いうまでもありません、ぼくという人間は取るに足りない極小の存在です。踏みつぶすのも捩じ上げるのもかんたんです。否定しようのない存在の「小ささ」にぼくはいつも立脚している。ここを離れるとよって立つ基盤が失われてしまう。反対に、自らの存在を可能なかぎり大きく見せようとする人もいます。たくさんいると思います。敵が近づけば、膨らんで大きく見せようとするフグやハリセンボンの擬態はそれとはまったく別ものでしょうか。それはそれで自己防衛の本能的表れでしょう。

ぼくにはありのままの自分を大きく見せようとする擬態人間はフグ並みだと思われます。いったいその擬態で何を守ろうとしているのか。防衛すべき対抗力は何か。ひょっとして身中の虫だったということになりませんか。敵は自らの中にいたという話はいくらもある。それをとやかくいうのではない。擬態もけっこう、身中の虫もいいでしょうが、ぼくには関係ないだけ。必要以上に自己を大きく見せようという心根がないんですね。いや少しはあるか。以前はかなりありました。まあその程度に卑小な人間だと白状します。
志(こころざし)は小さければ小さいほどいいですね。「こころざしをはたして いつの日にか帰らん」(「故郷(故国)に錦を飾る」)あるいは「立身出世」というのではない生き方で「有無定かでないこころざし」を果たしたいと、ひそかに念じてきました。こころざしはあったかどうか。今もあるといえるのか。

一人の個人は国家を越えた存在であり得るし、個人はまことに「弱い人間」である、「弱い人間」という「土俵」をぼくは守ってきたし、これからも守っていきたい。個人個人は密接につながってはいません。大筋ではばらけているのが実情に近いでしょう。そのように隙間だらけの「弱い人間」たちの集合した「国家」も弱くないか。もし弱くないのだとしたら、国家もまたフグやハリセンボンの類だといいたいですね。「弱さ」はどこまで行っても消えない、消せない。この地点から出発して、とことん小さい状況というものにこだわりたい。「弱さ」が「強さ」に反転することはあるだろうか。ぼくは、弱者として、一足飛びに「国家の防衛」や「日本をどうする」「世界の平和を」などといった大風呂敷を広げたような仮想(空想)の観念に振り回されないように心したい。
しばらくまえに「大文字の歴史」などといわれ、大時代的な、あるいは教条主義的な発想が敬遠されました。いまでもそれは生きていますが。小さいことはいいことだと「小さな世界」、まさに「方丈四方」(四畳半の世界はまた別乾坤)に根づいた視野・視界をぼくはつねに失いたくないのです。
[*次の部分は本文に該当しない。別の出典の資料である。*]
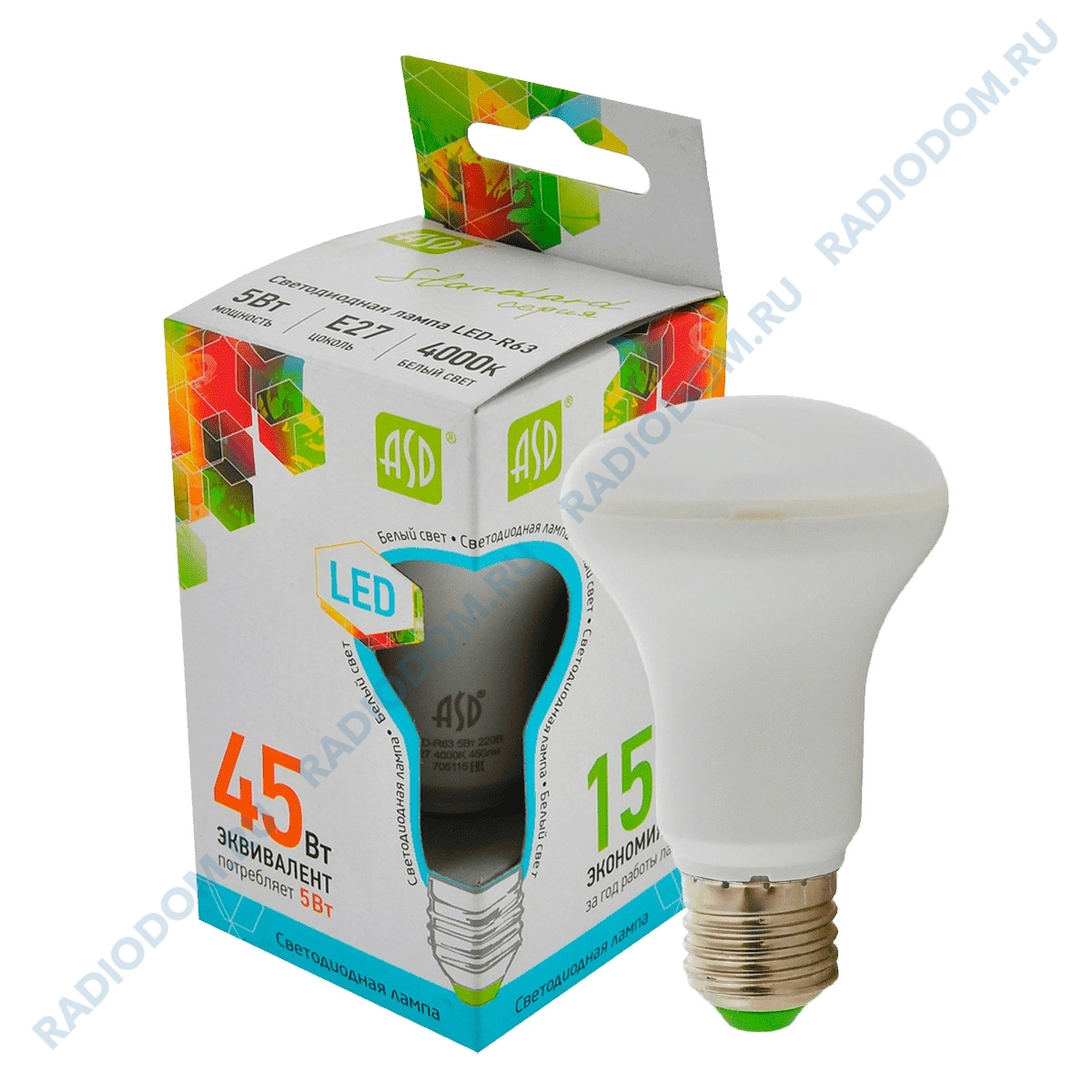 Лампа светодиодная 220В, E27, 5,0Вт, свет белый LED-R63-standard 4000K ASD

そんなセコい心がけでどうする、という非難や批判はあるでしょうが、ぼくにはいっかな風呂敷の類には関心が湧かない。方丈四方がぼくの天地だから。
有老人、含哺鼓腹、撃壌而歌曰、

日出而作、日入而息
鑿井而飲、耕田而食
帝力何有於我哉(「史記」の「五帝」より)
一人の老人がいった。「日の出とともに働き、日没とともに休む。井戸を掘って水を飲み、田を耕して食べる。帝の力(権力)は自分の日常にどんな関係があるのかよ」と。このように「私の領分」に自足している老人の姿がぼくのめざす方角でした。老人となった今、おおよその方向はまちがっていなかったかどうか、と後ろを振り返りもしない。いかなる権力も「私」有地に入りこんではならないという政治哲学(そんな大したものじゃないが)を支えに今日も暮らしています。 この「帝力何有於我哉」と断固たる啖呵を切った「老人」の挙動を高みから見ていたとされる「権力者(帝力)」はその老人の態度をどのように眺めただろうか。それはまた、別個の話。